SEOUL, South Korea — Daewoong Pharmaceutical Co., Ltd.’s Bersiporocin (DWN12088) has been recognized as a significant advancement in treating idiopathic pulmonary fibrosis (IPF), a rare and debilitating disease. This first-in-class PRS inhibitor has recently received Orphan Drug Designation (ODD) from the European Medicines Agency (EMA), adding to its earlier designation by the U.S. FDA for both IPF and systemic sclerosis.
The EMA’s recognition highlights Bersiporocin’s potential to meet critical needs in rare diseases, targeting conditions affecting fewer than 5 in 10,000 individuals in the EU. The designation offers several benefits, including guidance on clinical trials, reduced authorization fees, and 10-year market exclusivity upon approval.
IPF is characterized by abnormal collagen accumulation in the lungs, reducing lung function. With a global incidence rate of about 13 cases per 100,000 people and a 5-year survival rate of only 40%, there’s a pressing need for more effective and safer treatments.
Bersiporocin’s mechanism involves inhibiting PRS (Prolyl-tRNA Synthetase), thus targeting the excess collagen production that leads to fibrosis. The drug’s efficacy was demonstrated in a study published by the European Molecular Biology Organization (EMBO).

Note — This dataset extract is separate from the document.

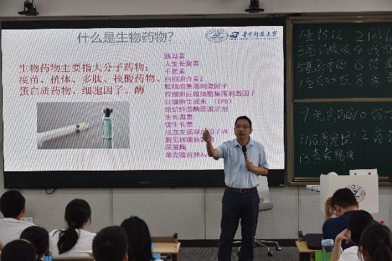 徐传瑞以“什么是生物药物”为切入口,向同学们介绍了生物药的发展现状与前景、生物药学的培养目标和就业前景,欢迎同学们报名参加生物药学基地班选拔。
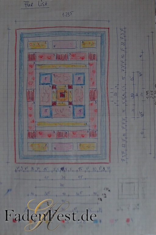 Ein Quilt für die Tochter meiner Freundin. Mal ganz andere Farben. Von der Mama ausgesucht. Von mir umgesetzt. Von Lisa noch immer verehrt.

In addition to orphan drug designations, Bersiporocin has been granted fast track designation by the FDA. It also has been recognized in the ‘Clinical Development Support’ program by the Korea Drug Development Fund (KDDF). Bersiporocin has successfully completed phase 1 clinical trials in Korea and Australia, establishing its safety and pharmacokinetic properties in 162 healthy subjects. Multinational phase 2 clinical trials are currently in progress in Korea and the U.S.
Seng-ho Jeon, CEO of Daewoong Pharmaceutical, stated, “With Bersiporocin’s global recognition and its clinical advancements, we are more committed than ever to delivering this promising treatment to IPF patients, potentially transforming the landscape of this challenging disease.”